=== EXERCISE GOAL ===
Leaving out all pictures, return exactly the lines from the one that contains "чёрно-белый в золоте" through the end of the data below.

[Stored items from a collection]
• • • • • • •

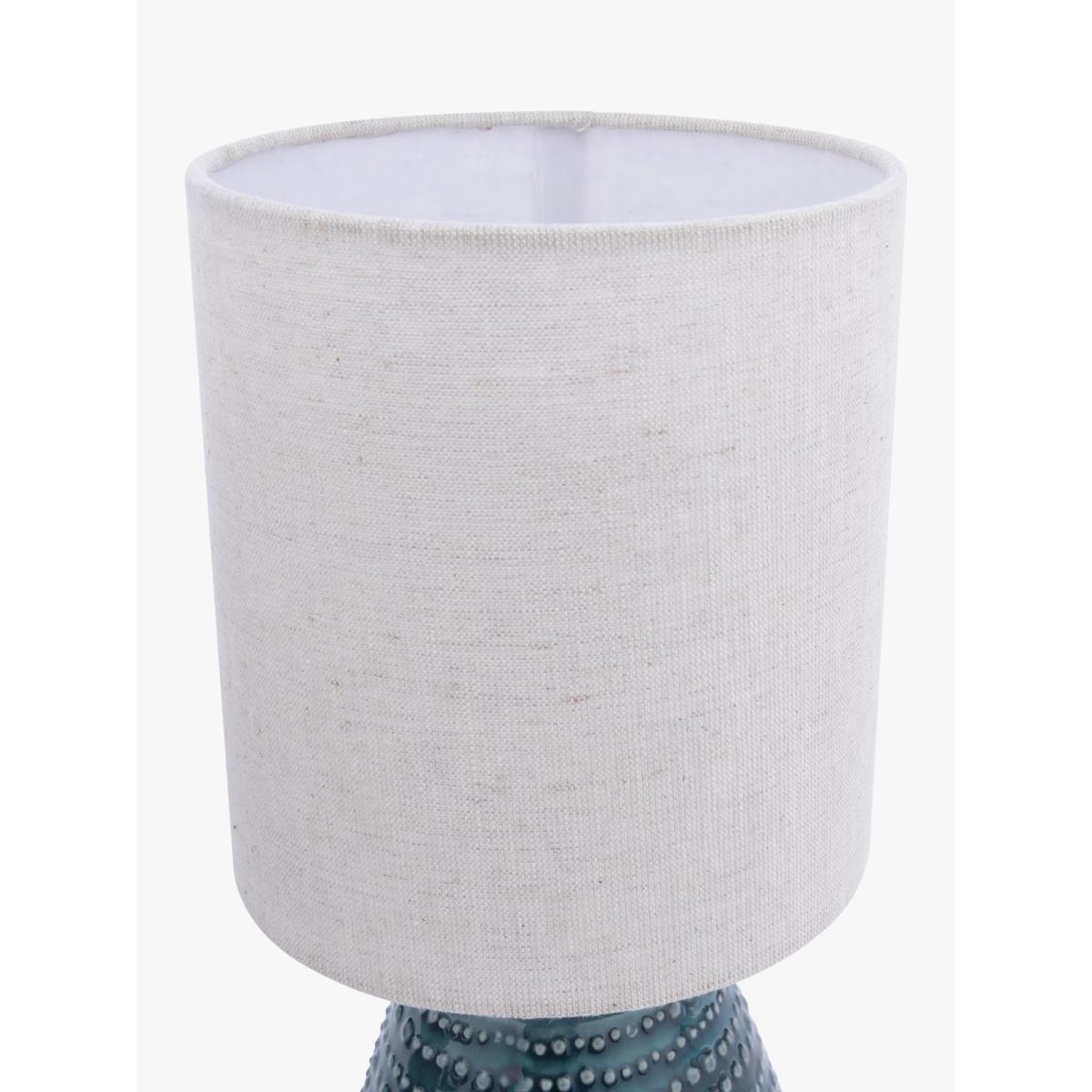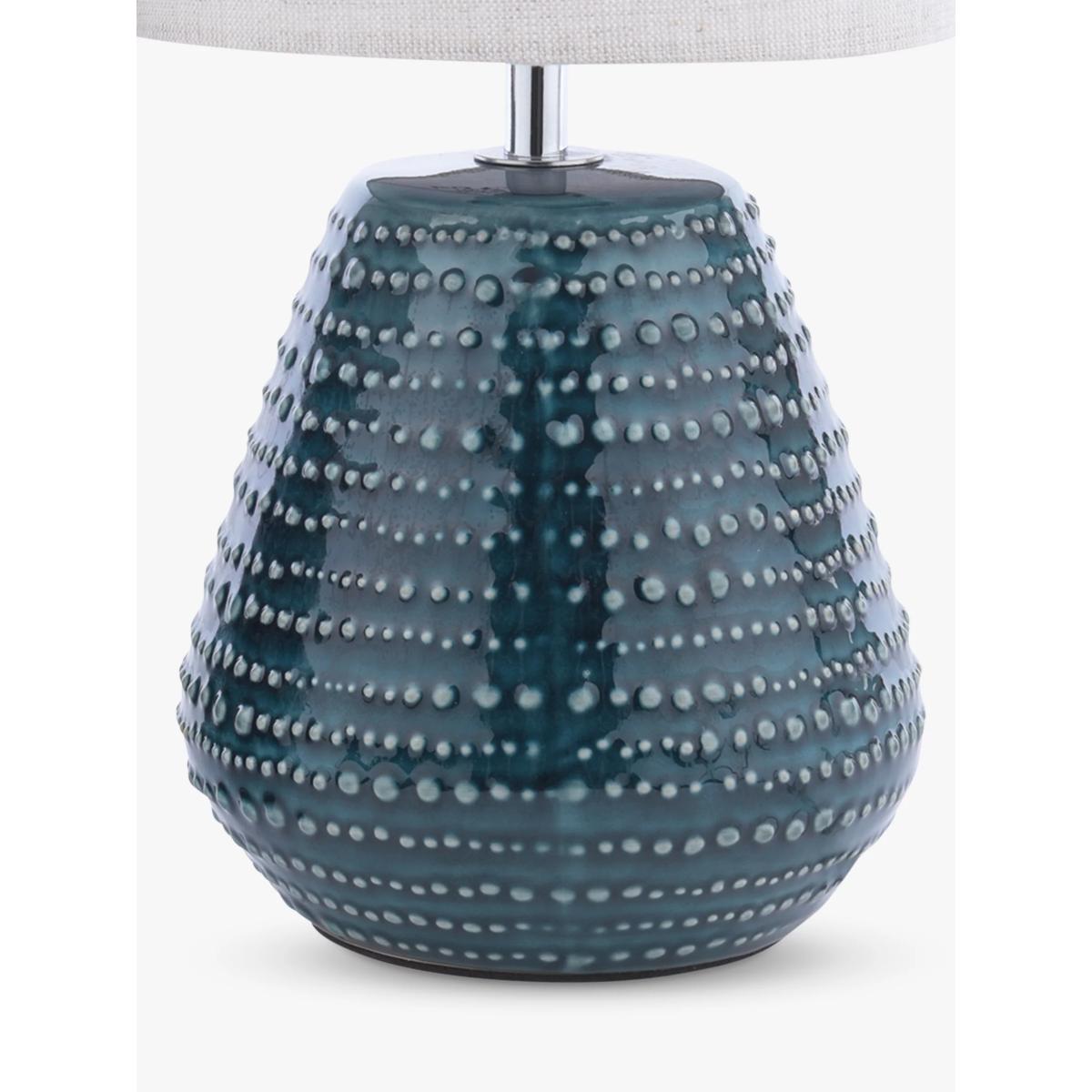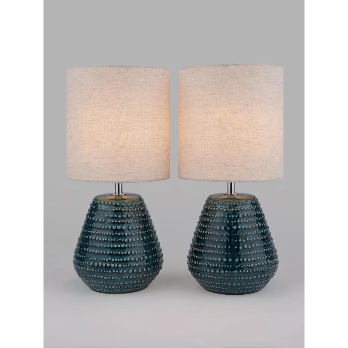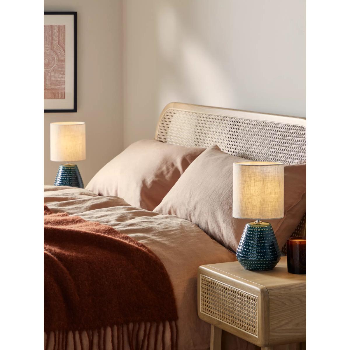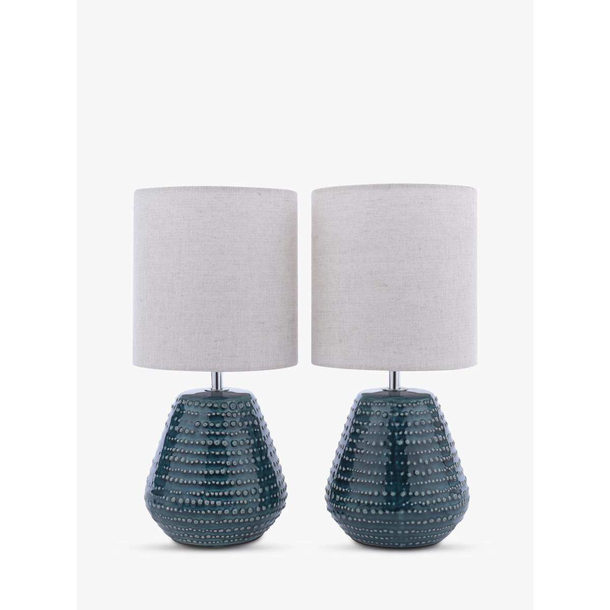 The Elwood set of two offers an eye-catching ceramic base. Finished with a stunning transparent reactive glaze which not only accentuates the textured patterned base but also adds a pop of colour. With a linen shade and fabric flex, these lamps would be fitting of any bedside table.
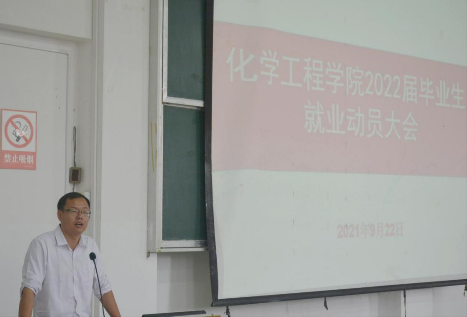 为促进毕业生就业,指导其全面做好就业规划,做好就业准备,把握就业机会,9月22日下午,化学工程学院2022届毕业生就业动员大会在3-413教室召开。大会由学院党总支副书记蔡诚主持,院长唐安江、2018级辅导员、班主任与全体学生参加了会议。
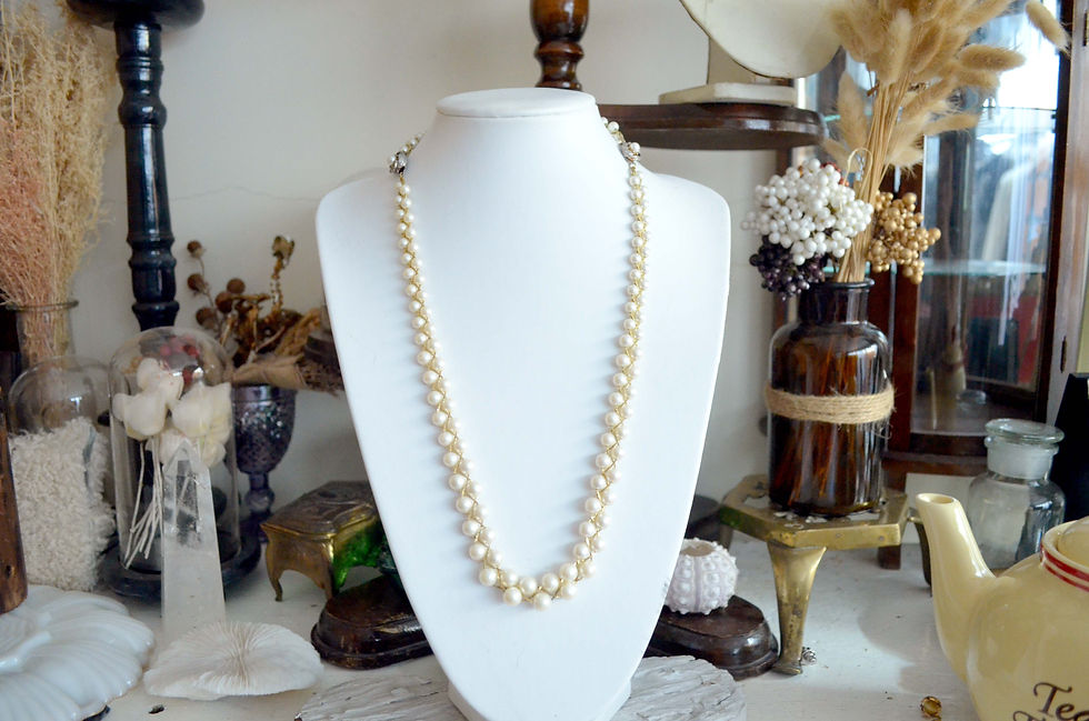 復古樹脂仿珍珠銀扣項鏈 高貴優雅 日本二手中古珠寶首飾古著
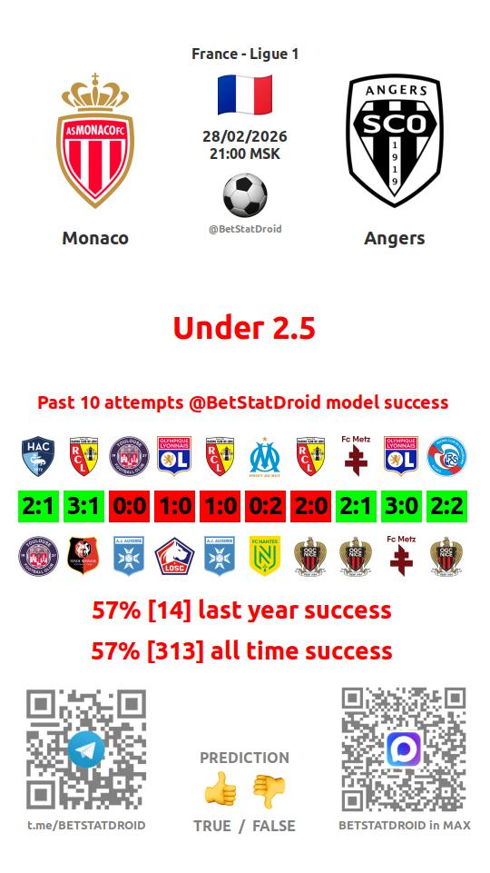 ✔ Angers scores under 2,5 goals in each of 16 last games
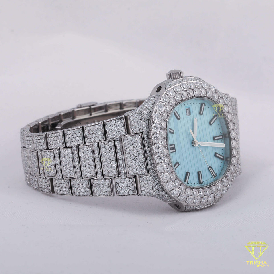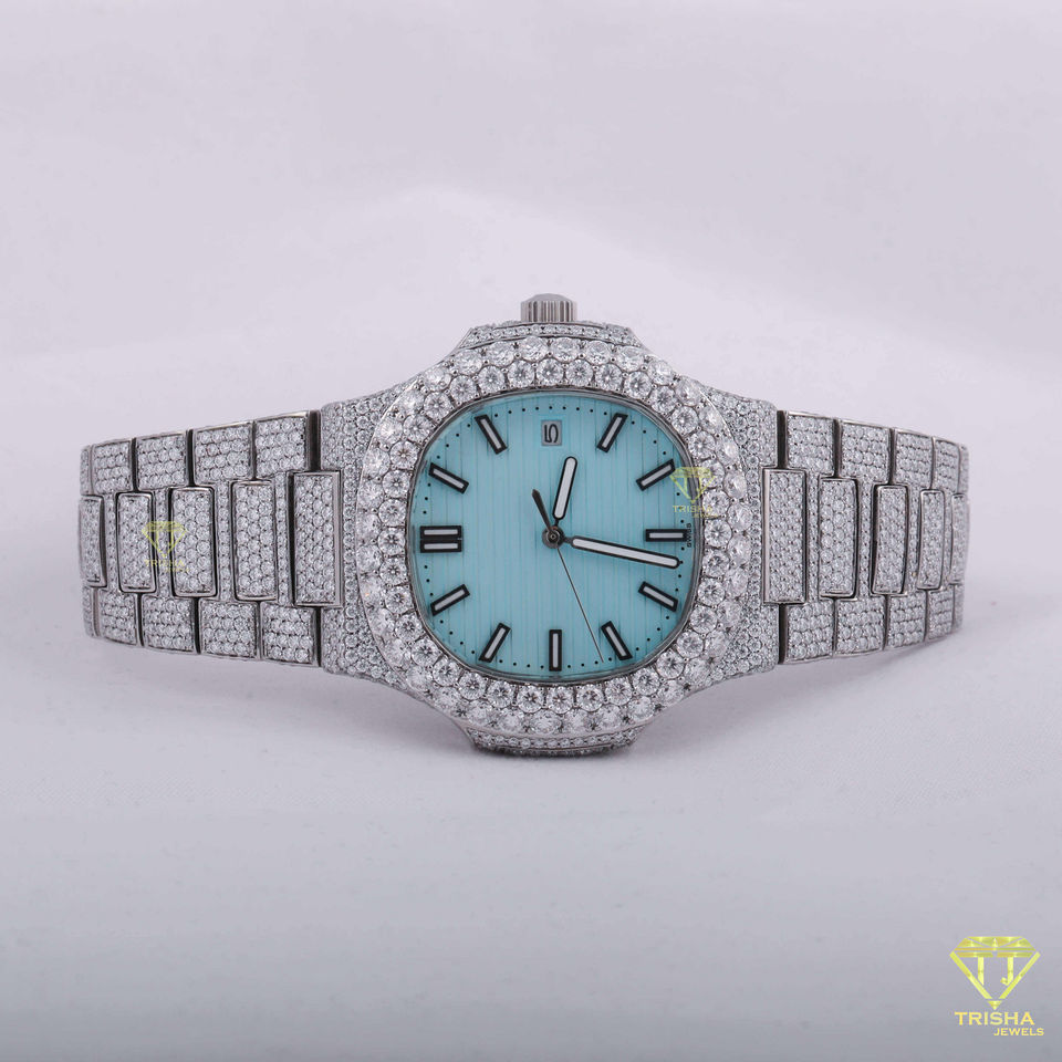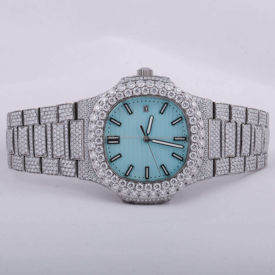 นาฬิกาข้อมือผู้ชายสุดหรู สแตนเลสสตีล หน้าปัดสีน้ำเงิน ประดับเพชรเลี้ยงในห้องปฏิบัติการ ดีไซน์โบราณเต็มรูปแบบ หน้าปัดกระจก ดีไซน์โดดเด่นจากอินเดีย
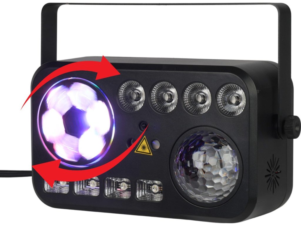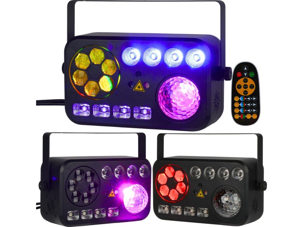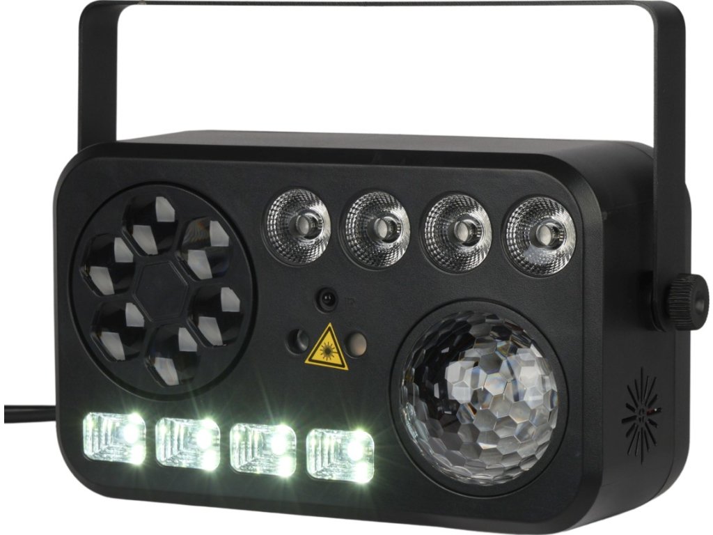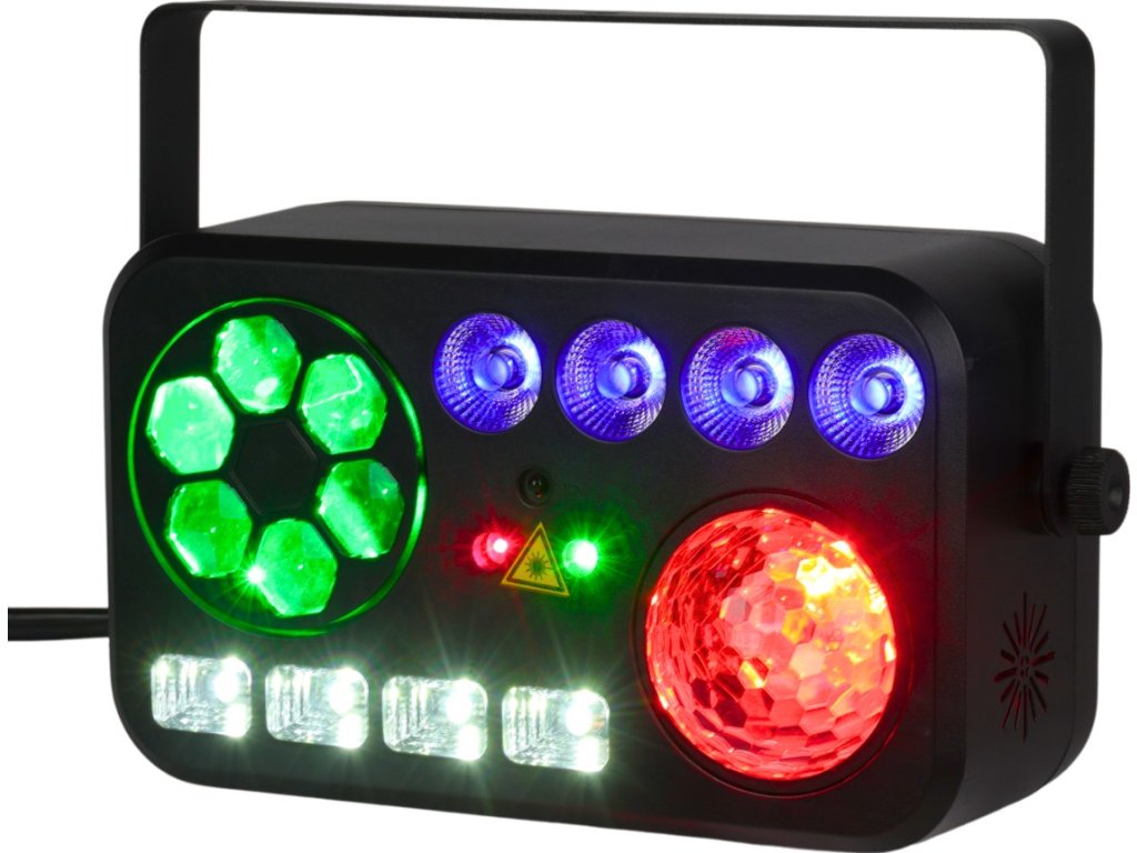 Light4Me Party V to multiefekt świetlny 6w1, który zapewni niesamowitą atmosferę na każdej imprezie. Dzięki połączeniu efektów Bee Eye, białego stroboskopu, światła UV, Water Wave, reflektorów PAR oraz lasera (czerwonego i zielonego), możesz stworzyć dynamiczne i barwne widowisko świetlne. Light4Me Party V idealnie sprawdzi się w klubach, na scenach, jak i podczas domowych przyjęć. Dzięki wielu prostym opcjom sterowania: DMX, pilotowi na podczerwień, trybowi automatycznemu i manualnemu, masz pełną kontrolę nad efektami.
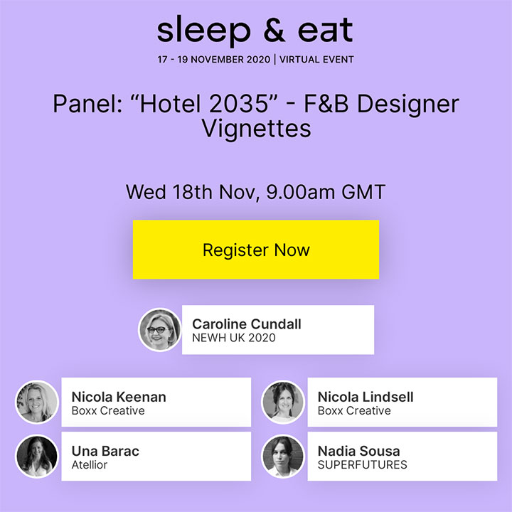 This year Sleep & Eat Virtual 2020 challenged designers and hotel chains to look 15 years into the future and consider what the Hotel of 2035 will look like.
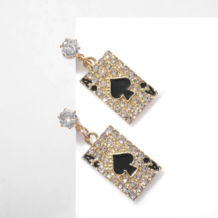 Серьги эмаль «Карты» пики, цвет чёрно-белый в золоте
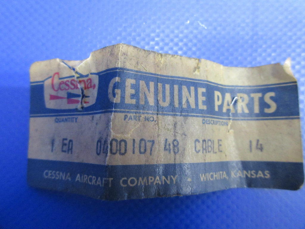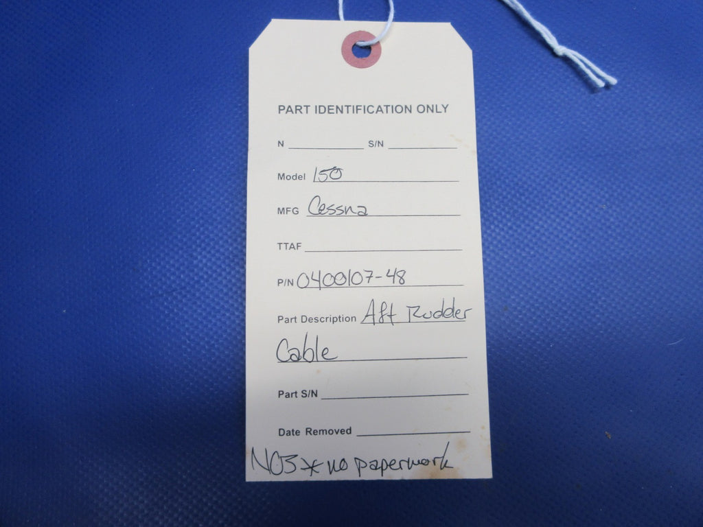 Cessna 150 AFT Rudder Cable. P/N 0400107-48. NEW OLD STOCK. No Paperwork. Guaranteed to pass inspection or your money back.

• • • • • • •

=== SOLUTION FOR THIS TASK ===
 Серьги эмаль «Карты» пики, цвет чёрно-белый в золоте
 Cessna 150 AFT Rudder Cable. P/N 0400107-48. NEW OLD STOCK. No Paperwork. Guaranteed to pass inspection or your money back.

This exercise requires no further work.